Thursday, September 21, 2006

I just realized I still had this sitting as a draft. Bother.

Chores finished, he sat in the edges of the shade and watched his sister work. She dipped her curved needle in and out like a streamer-fish weaving in and out of the clouds, and he wondered if that elegant creature was the first inspiration for sewing. Beneath her fingers, a kite was slowly taking shape, patched in the motley of the scraps she'd saved that year.

It took most of his concentration to avoid squirming and distracting his sister. Each stitch was critical, he knew, a difference between catching the air firmly or tearing in the wind. He scowled in what he thought must be a very manly way as he fought with his infuriatingly child-like body. It still thought he should be running about, chasing his friends, but he knew better. He was nearly ten, and too old for kid games.

What attention remained was dedicated wholly to the kite. It was his, he knew, his very own, his first lure. He was determined to know every stitch. It was a basic beginner's lure, brightly colored to entice the smaller fish, but too unformed to attract too large a flier. Tomorrow Grandfather would teach him the double-string controls and Mother would cut his hair and he would earn the clothing of an apprentice windfisher.

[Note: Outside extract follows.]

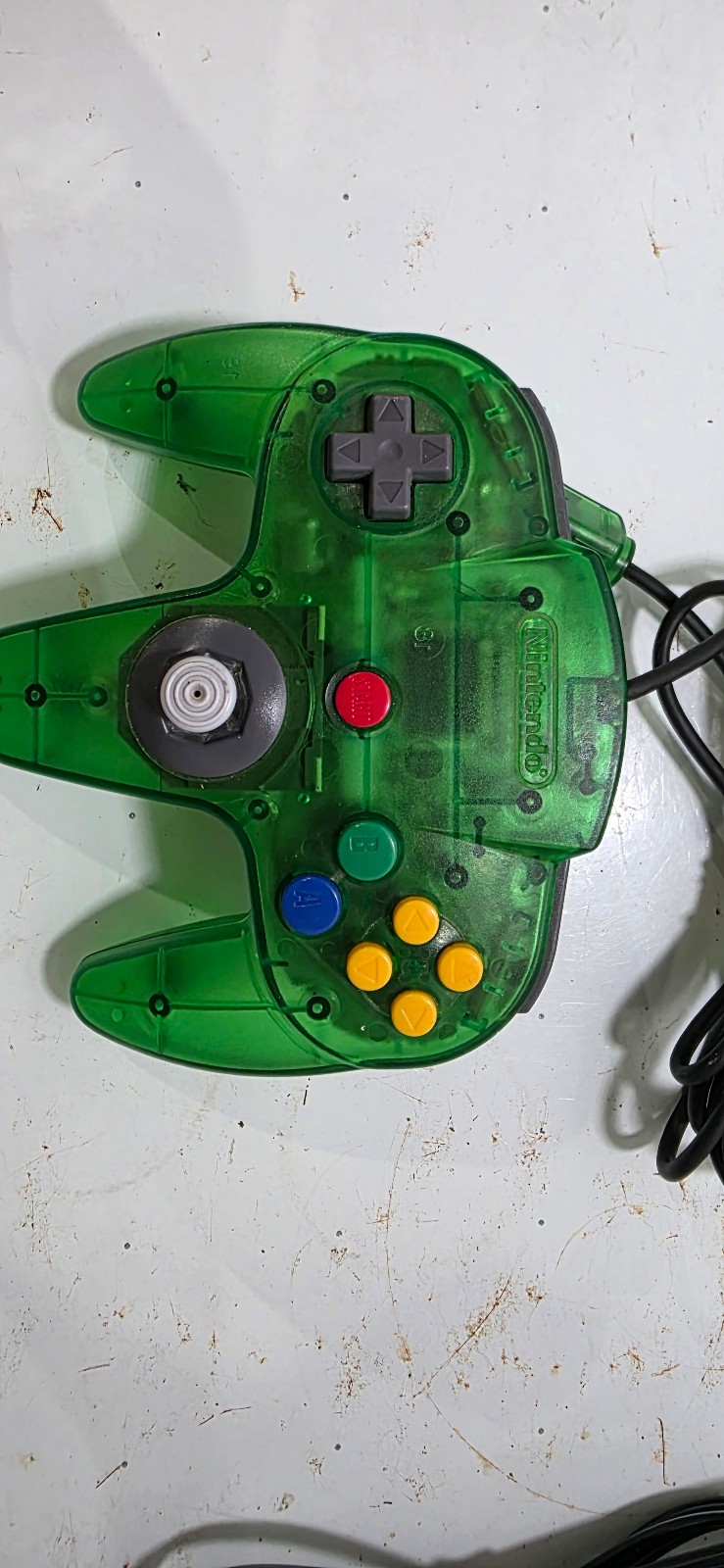 The Funtastic Jungle Green Nintendo 64 Console is an authentic, tested, and vintage gaming system that offers a nostalgic gaming experience. With its retro design and component RCA connectivity, this home console allows users to enjoy classic Nintendo 64 games in a vibrant green color scheme. Made in Japan in 1999, this console has a storage capacity of 32 MB and supports a resolution of 480p, providing a visually immersive gaming experience for fans of the Nintendo 64 platform. Ideal for collectors or retro gaming enthusiasts, this console is a must-have for anyone looking to relive the glory days of gaming.

His eyes followed her fingers as each tiny stitch appeared, critically observing their shape and placement. That one was a little too big, he thought. That one too small. It'll give too much, it'll tear too easily. The spine made it inflexible, easy to break in the grasp of a fish. The brindle was too high; it'd dive in a hard wind. It wasn't perfect. But winds, it was his!

His sister glanced up, noting his scrutiny with a skewed smile. "It's almost done," she said. "Do you want to do the last few stitches?"

He shifted his weight from side to side and sat on his hands. "No," he said. She shrugged with her eyebrows, and he watched all the more intently as her needle dipped for the final times.